=== DATA ===
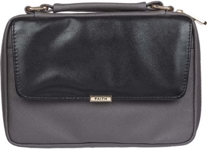 Bible cover with spine handle Flap over cover Smooth and textured; faux leather Laser engraved zipper pull and badge Black and grey Faith Fits Bibles
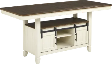 Perfect for serving any meal, the Country Lane dining table is an inviting gathering place. The 40 x 78-inch rectangle top is finished in a rich brown while the apron and legs boast an antique white color. Four storage drawers provide a handy spot for utensils, napkins and more.
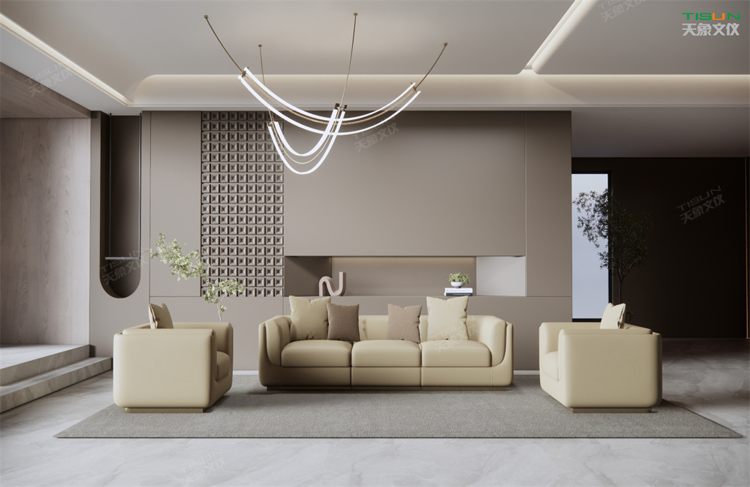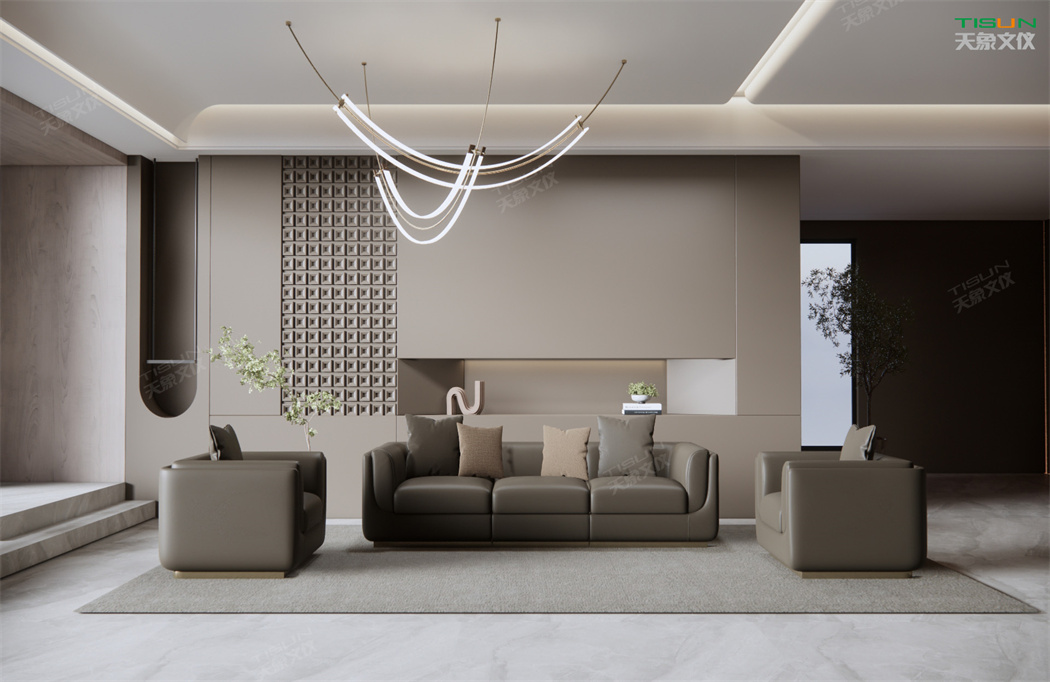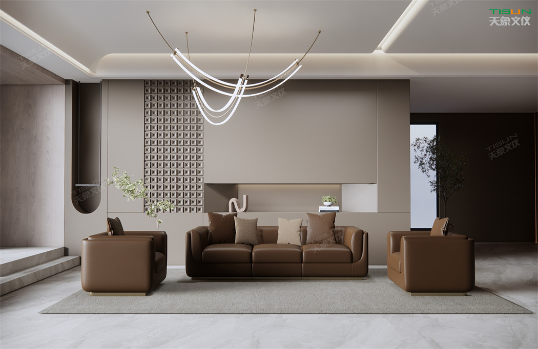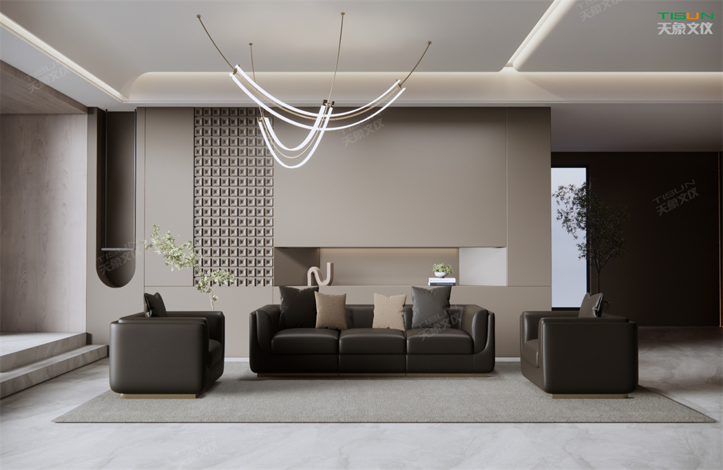 高級的辦公沙發(fā)在設(shè)計中運用真皮材質(zhì)及考究的造型,體現(xiàn)主人對工作及生活的至高追求,同時凸顯辦公空間的高雅品質(zhì)。
===
» TASK STATEMENT: Please retype the whole listing above exactly, without any of its images.

» EXERCISE RESPONSE:
 Bible cover with spine handle Flap over cover Smooth and textured; faux leather Laser engraved zipper pull and badge Black and grey Faith Fits Bibles
 Perfect for serving any meal, the Country Lane dining table is an inviting gathering place. The 40 x 78-inch rectangle top is finished in a rich brown while the apron and legs boast an antique white color. Four storage drawers provide a handy spot for utensils, napkins and more.
 高級的辦公沙發(fā)在設(shè)計中運用真皮材質(zhì)及考究的造型,體現(xiàn)主人對工作及生活的至高追求,同時凸顯辦公空間的高雅品質(zhì)。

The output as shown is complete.